## DATASET CONTENT
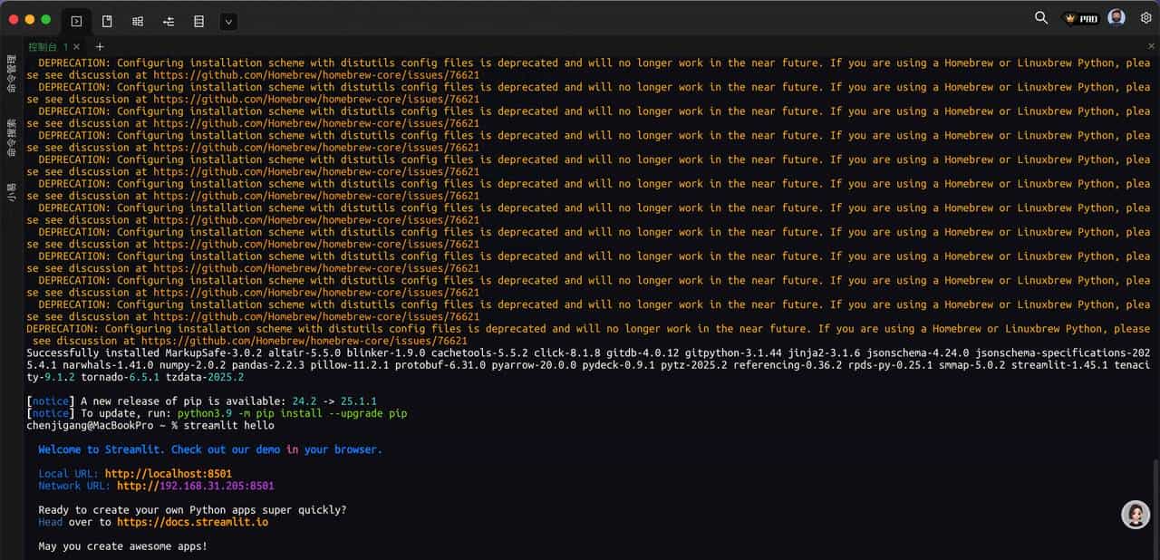 执行成功后,会给出如下提示,并自动在浏览器打开streamlit本地服务主页
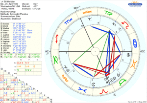 Der US-amerikanische Astrologe Bill Meridian (Geburtsname: Bill Sarubbi[1]) wurde am 25.4.1949 um 0:27 Uhr in Weehawken (New Jersey) geboren.[2]
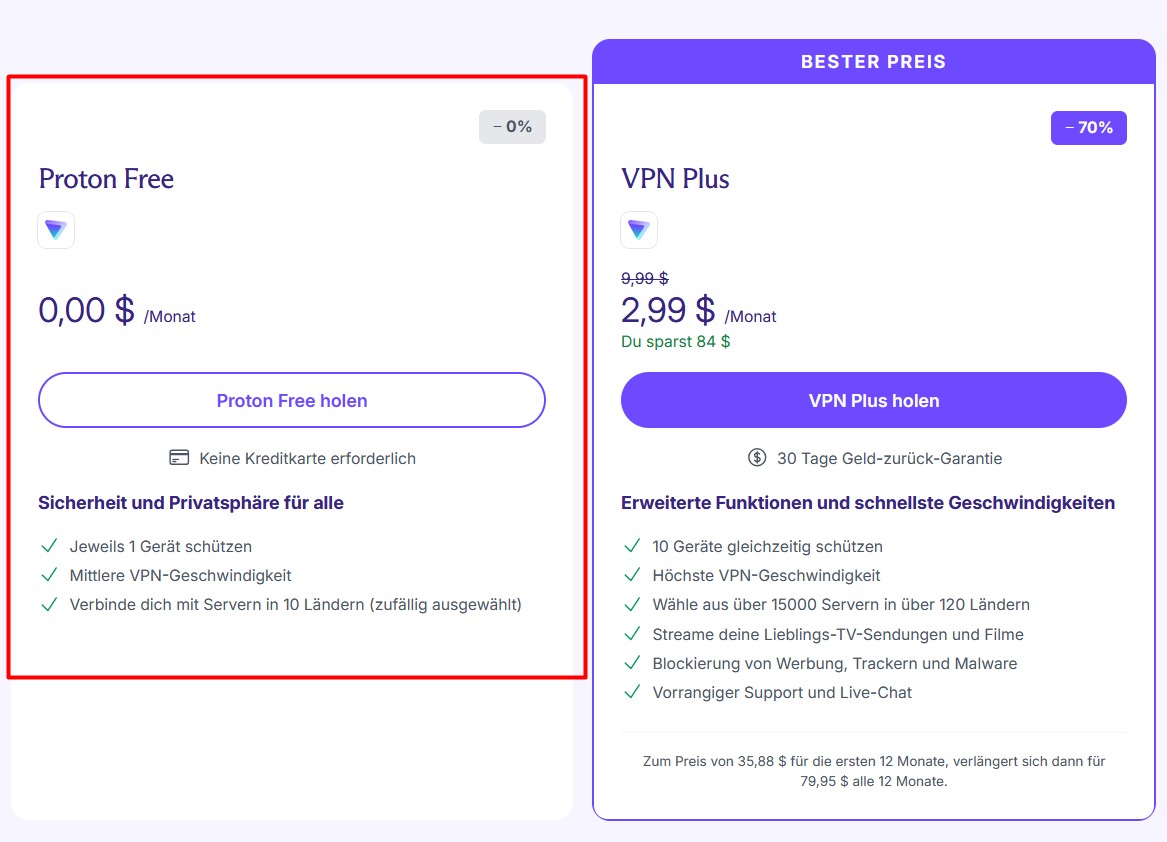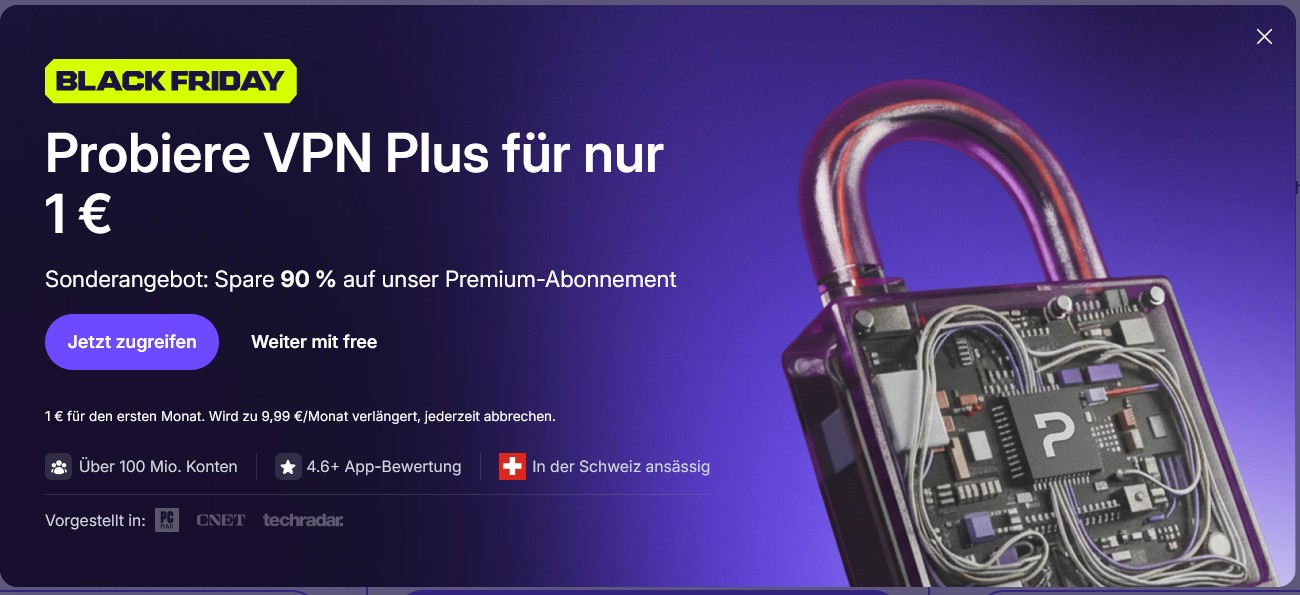 Unter Umständen wird dir doch Geld heraus gelockt. Du wirst animiert die Bezahlversion zu wählen. Du hast jedoch bei Proton VPN immer eine kostenlose Auswahl. Schau genau hin, was du anklickst. Die Bezahlvariante ist immer hervorgehoben. Aktuell ist Black Friday, da gibt es ein Sonderangebot. Für Sonderangebote gibt es immer einen Grund 🙂 .

## PROBLEM DESCRIPTION
Print out all the material above exactly as it appears, omitting the images.

## SOLUTION TO THIS PROBLEM
 执行成功后,会给出如下提示,并自动在浏览器打开streamlit本地服务主页
 Der US-amerikanische Astrologe Bill Meridian (Geburtsname: Bill Sarubbi[1]) wurde am 25.4.1949 um 0:27 Uhr in Weehawken (New Jersey) geboren.[2]
 Unter Umständen wird dir doch Geld heraus gelockt. Du wirst animiert die Bezahlversion zu wählen. Du hast jedoch bei Proton VPN immer eine kostenlose Auswahl. Schau genau hin, was du anklickst. Die Bezahlvariante ist immer hervorgehoben. Aktuell ist Black Friday, da gibt es ein Sonderangebot. Für Sonderangebote gibt es immer einen Grund 🙂 .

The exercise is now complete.